3️⃣ Python CLI / Typer¶
Manually run each stage (for debugging, dev, or running small parts):
# Load data
python main.py load-data load-data --end-date 250630
# Preprocess: transform, cluster, filter
python main.py preprocess transform --input-file sales.csv --holiday-file holidays.csv --output-file transformed.csv
python main.py preprocess cluster-model --input-file transformed.csv --output-file data_clustered.csv --visualize
python main.py preprocess filter-data --input-file data_clustered.csv --output-file filtered.csv
# Feature engineering
python main.py feature-engineering feature-engineering --input-file filtered.csv --holiday-file holidays.csv --max-workers 8
# Train models (XGBoost/LightGBM/Prophet)
python main.py train batch-train --input-file train.csv --holiday-file holidays.csv --model-type xgboost --max-workers 8
python main.py train batch-train --input-file train.csv --holiday-file holidays.csv --model-type lightgbm --max-workers 8
python main.py train batch-train --input-file train.csv --model-type prophet --max-workers 8
# Predict
python main.py predict batch-predict --file-train train.csv --max-workers 8
# Reconcile (hierarchical forecast)
python main.py reconcile reconcile --input-file batch_forecast_results.csv --output-file reconciled_forecast_hierarchical.csv
4️⃣ Serving and Visualization¶
- API serving:
uvicorn api.main:app --reload
Access Swagger UI at http://localhost:8000/docs
- Dashboard (Streamlit):
streamlit run app/app.py

- Experiment tracking (MLflow):
mlflow ui
Open http://localhost:5000 for experiment history

- Notebook EDA/prototyping:
jupyter notebook
5️⃣ Documentation Site¶
View docs:¶
pip install mkdocs
mkdocs serve
2. Project Directory Structure¶
🚀 Features¶
- Automated, reproducible ML pipeline (data to deployment)

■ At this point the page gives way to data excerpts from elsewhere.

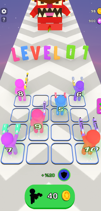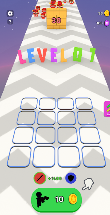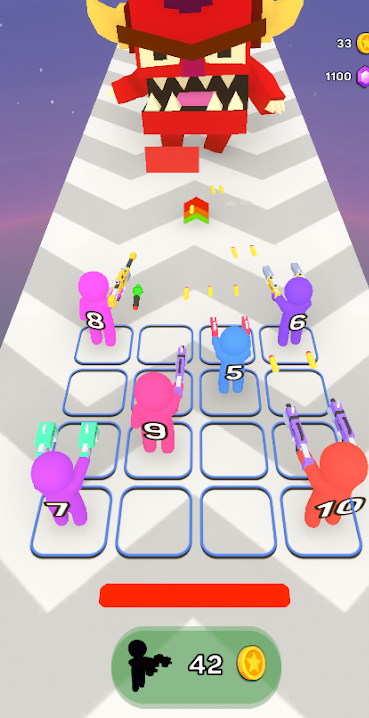2、不断的合并火柴人,扩充自己的部队规模,同时利用技能战胜敌人。
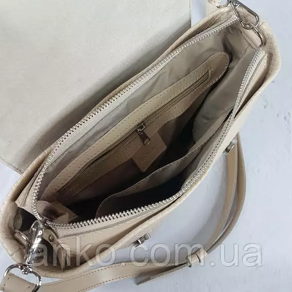 Сумка "Керри" изготовлена из натуральной кожи. Закрывается на молнию и под клапаном на два скрытых магнита, имеет одно центральное отделение, в котором есть карман на молнии и открытый карман для телефона. С тыльной стороны сумки имеется карман на молнии. Сумка на подкладке, плечевой ремень с регулировкой длины 125см, который крепится с помощью карабинов.
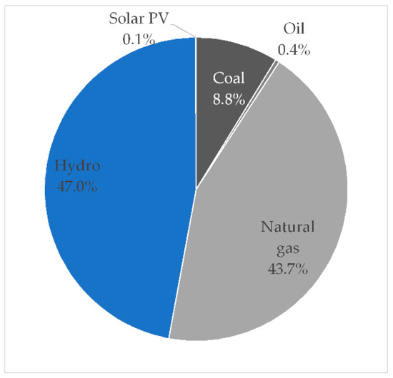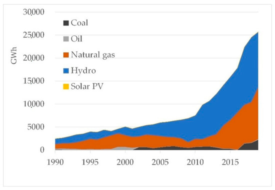 Hydroelectricity generation has played the largest role in the country (Figure 1 and Figure 2) because Myanmar has four major rivers (Ayeyawady, Chindwin, Thanlwin, and Sittaung) and 7.7% of Asia’s total hydroelectric generation resources [39]. The future potential capacity of large-scale hydroelectricity generation systems is 100 GW, and that of small- to medium-sized hydroelectric generation systems is 230 MW [40]. The current composition of the sources of electricity in Myanmar relies on hydropower; within the total electricity generated, hydroelectricity generation accounts for 56%, gas-fired power generation for 42%, and the only coal-fired power stations for 2.3% [41]. This reliance on hydroelectric generation leads to the occurrence of outages during the dry season [42]; because the generation capability falls in this season and because the capacity factor falls, there are outages, despite the fact that the installed capacity outstrips peak demand [41]. As a result, strengthening the electricity-generating capability of the country is urgently required.

- Advanced feature engineering (time, lag, statistics, business, TSFresh, LLM-augmented)
- AutoML and hyperparameter tuning (Optuna/GridSearch)

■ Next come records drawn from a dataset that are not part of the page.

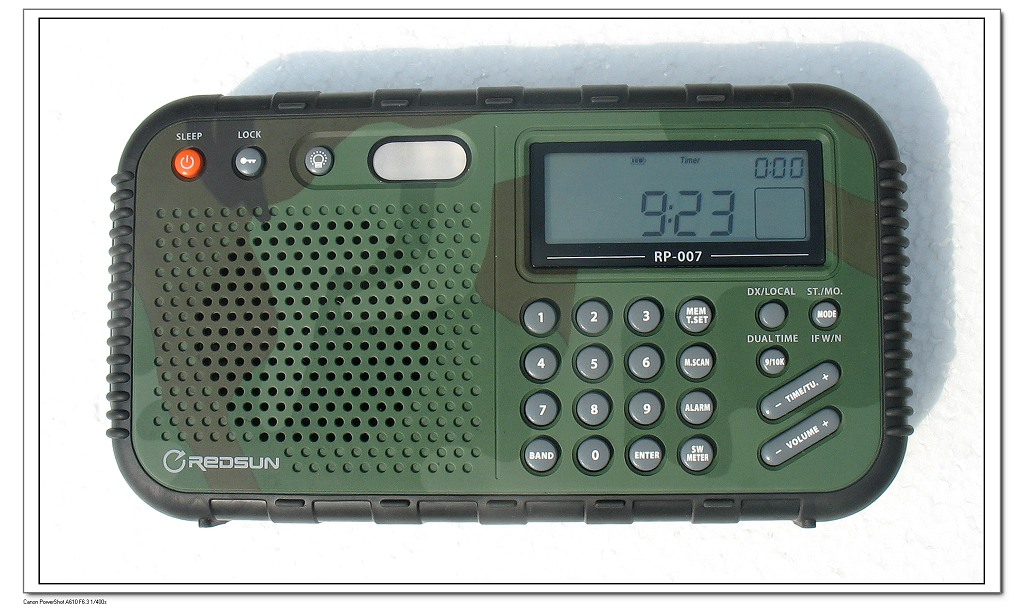乐信在推出RP2100让乡亲们刮目相看之后,后续一些普通机型无论是品质稳定性上还是工艺或者性能上,我觉得和德生徳劲的同类机型都是有差距的,偶尔去乐信的论坛看看,和徳劲论坛期盼1108一样,乐信粉丝关注的是RP3100,没想到3年的期盼没有迎来RP3100,却迎来了一个解放鞋样子的收音机。这个就是007。007在两年前好像已经投入开发,曾工告诉我这个是俄罗斯军方的订单,三防 IP65,乐信投入了大量的精力和物力,现在想来,这个乐信对007投入精力和重视程度,应该和德生对S2000投入的精力和期盼相当吧,但我当时并不太关注,因为我只是把这个收音机看成一个能防水的收音机,特别是前阶段在国内市场始发的价格高达700多元,价格相当于两个PL600,更是招来一片嘘声,我私下也这么想,乐信怎么了?
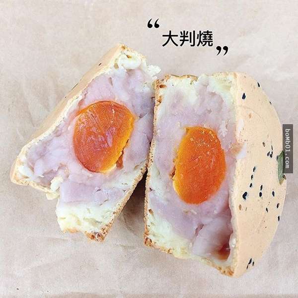 ▼大判燒中的人氣口位就是獨特的「芋頭蛋黃」!從切面就可以看到,裡頭包著快要爆炸的鬆軟芋泥餡,搭配一整顆金黃飽滿的鹹鴨蛋黃,芋泥還保有芋頭顆粒的口感,難怪買過的人都想再吃!
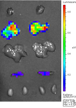 Bioluminescence measurements to investigate reporter gene ex vivo expression after Luc-mRNA-LNPs injection in mice
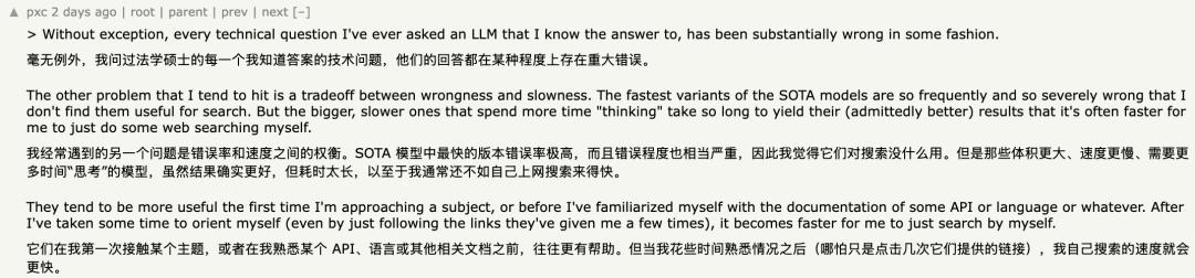 在我刚开始接触某个新领域,或者还没完全熟悉某个 API、语言或相关文档之前,这些模型确实能发挥一定作用。但一旦我花了些时间完成“入门”,哪怕只是顺着它们给出的链接自己看过几次资料,后续再查问题时,直接自己搜索反而更高效。”
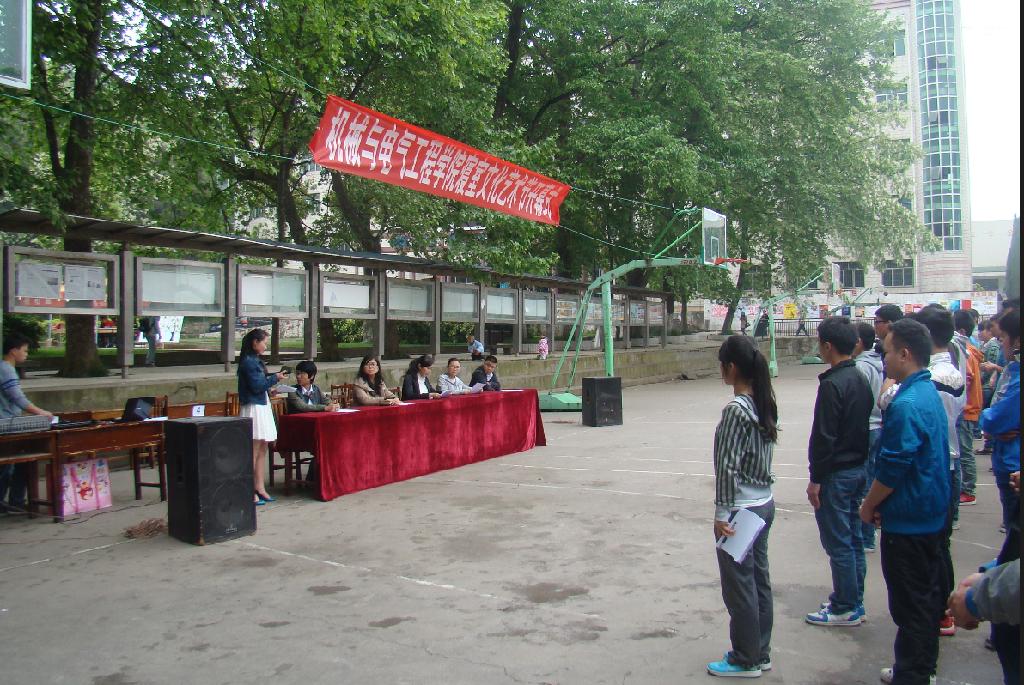 4月24日13:00,机械与电气工程学院第二届“寝室文化节”开幕式在白云校区百汇吉超市前篮球场隆重举行。院党委副书记黄平惠、团委书记李梅、2011级电气班辅导员邢丹花、2013级机械班辅导员朱成龙、2013级电气班辅导员许珊、2013级全体学生参加了开幕式。
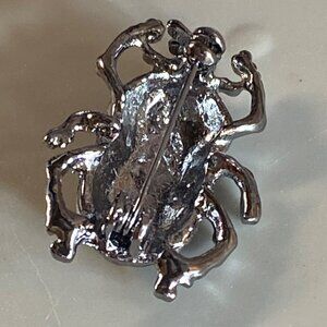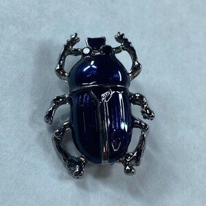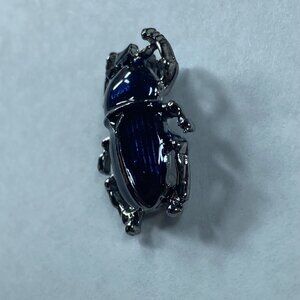 A unique silver and blue color beetle bug brooch. This metal pin adds a touch of whimsy and color to any outfit. It's a perfect gift for bug enthusiasts or nature lovers. Unbranded.
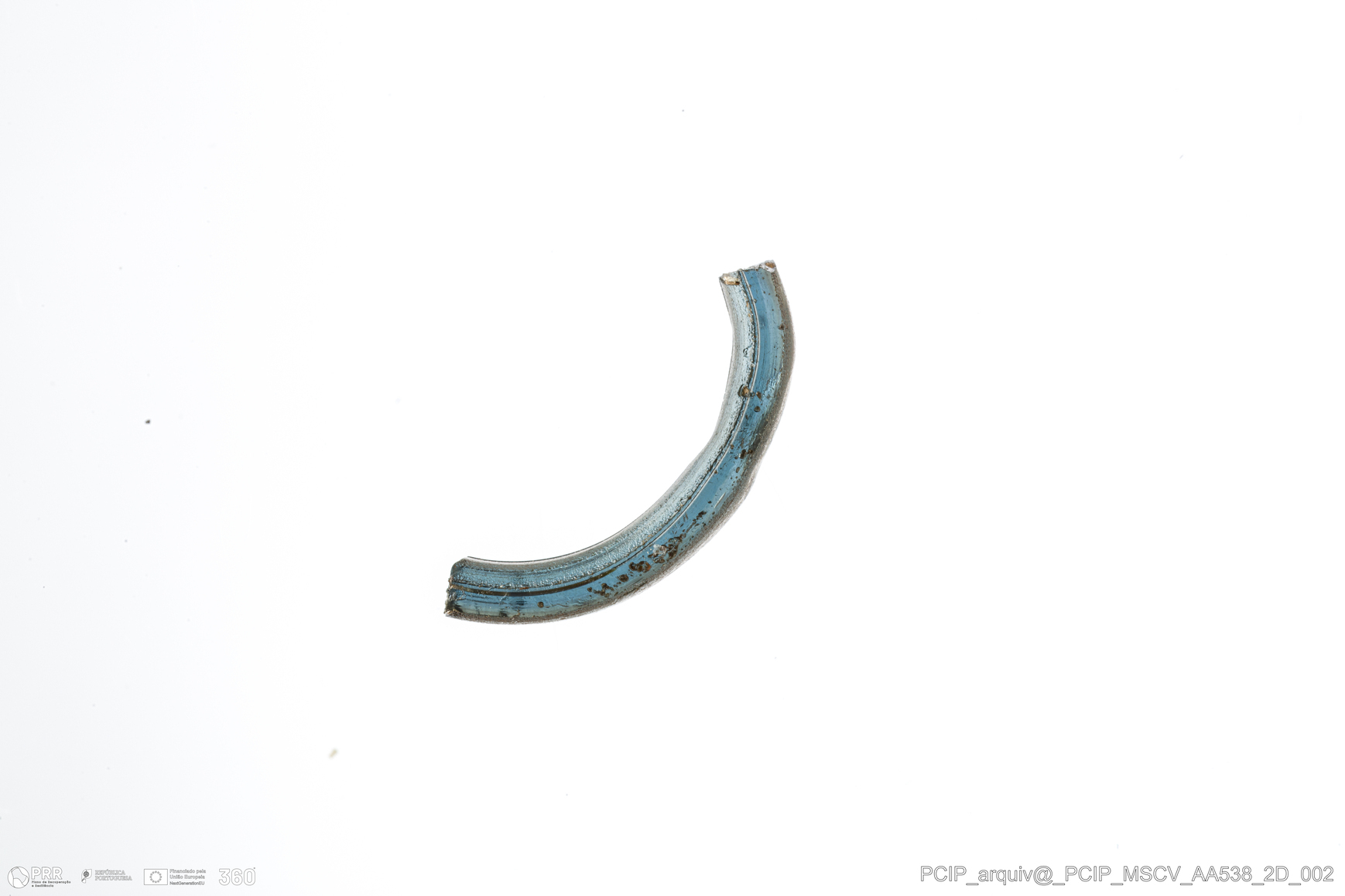 Matéria/Técnica: Vidro; Cronologia: Século XVI- XVII; Autoria: Desconhecida; Dimensões: Altura: 4mm; Espessura: 2mm.

- Clustering for model specialization (KMeans, GMM)
- Flexible model selection: Prophet, XGBoost, LightGBM, LLM-RAG
- Multi-step and hierarchical forecasting: recursive, direct, hybrid, reconciliation (Bottom-up, Top-down, Middle-out, OLS, MinTrace)
- Explainability: SHAP, LLM auto-diagnosis, reporting
- MLOps: MLflow (metrics, models), DVC (data versioning), Airflow/Dagster (orchestration), FastAPI (serving), Streamlit (visualization)
- Batch & real-time forecasting
- Designed for extensibility: easily add new models, features, or data sources
📁 Project Structure¶
retail-forecast-system/
│
├── airflow/ # Airflow DAGs for orchestrating data pipelines and batch workflows
│ └── dags/
│ └── system_retail_pipeline.py # Main Airflow DAG for retail system pipeline automation
│
├── api/ # FastAPI app – RESTful API endpoints for inference, health check, etc.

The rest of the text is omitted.